The mini-brains are balls of human brain cells that grow and form brain-like structures over the course of 8 weeks. “95% of drugs that look promising when tested in animal models fail once they are tested in humans at great expense of time and money,” explained study leader Thomas Hartung. “While rodent models have been useful, we are not 150-pound rats. And even though we are not balls of cells either, you can often get much better information from these balls of cells than from rodents. We believe that the future of brain research will include less reliance on animals, more reliance on human, cell-based models.”

Hartung’s team created the brains using induced pluripotent stem cells; adult cells that have been reprogrammed to an embryonic stem cell-like state and then stimulated to grow into brain cells. The mini-brains were created from skin cells of healthy adults, but Hartung suggests that cells from volunteers with genetic trains or diseases could be used to create brains to study different types of pharmaceutical.
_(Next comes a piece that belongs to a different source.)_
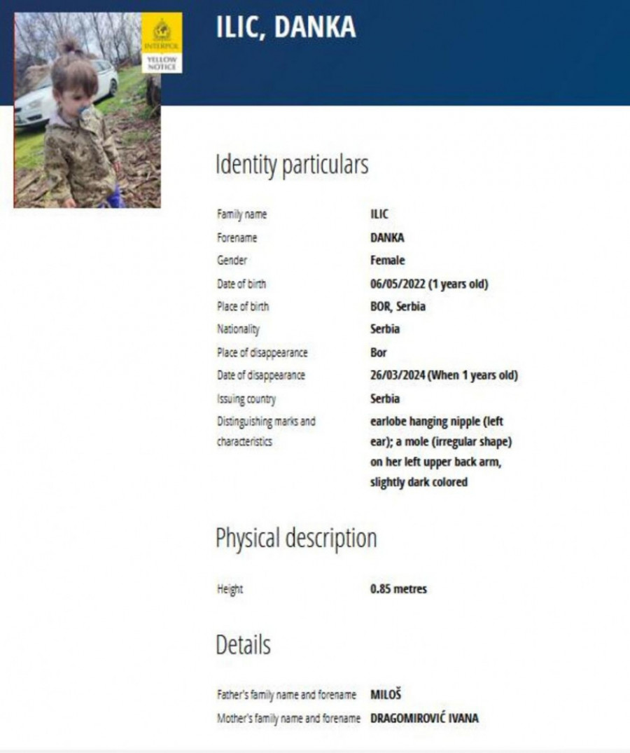 Interpol je raspisao potragu za nestalom nestalom devojčicom (2). Za nestalom devojčicom iz Bora na snazi je žuta poternica.

The brains, Hartung added, can be used to study Alzheimer’s disease, Parkinson’s disease, multiple sclerosis and autism. Projects testing the technology on viral infections, trauma and stoke are underway.

The mini-brains are 350 micrometers in diameter, about the size of a housefly’s eye, and hundreds of thousands of identical copies can be produced in each batch, with a hundred easily grown in the same Petri dish. After being cultivated for 2 months, the brains developed four types of neurons, as well as astrocytes and oligodendrocytes. The researchers could watch the myelin developing and observed it begin to sheath the axons. The brains also showed spontaneous electrophysiological activity, which the researchers tested by placing the brain on electrodes and listening to the electrical communication of the neurons as test drugs were added.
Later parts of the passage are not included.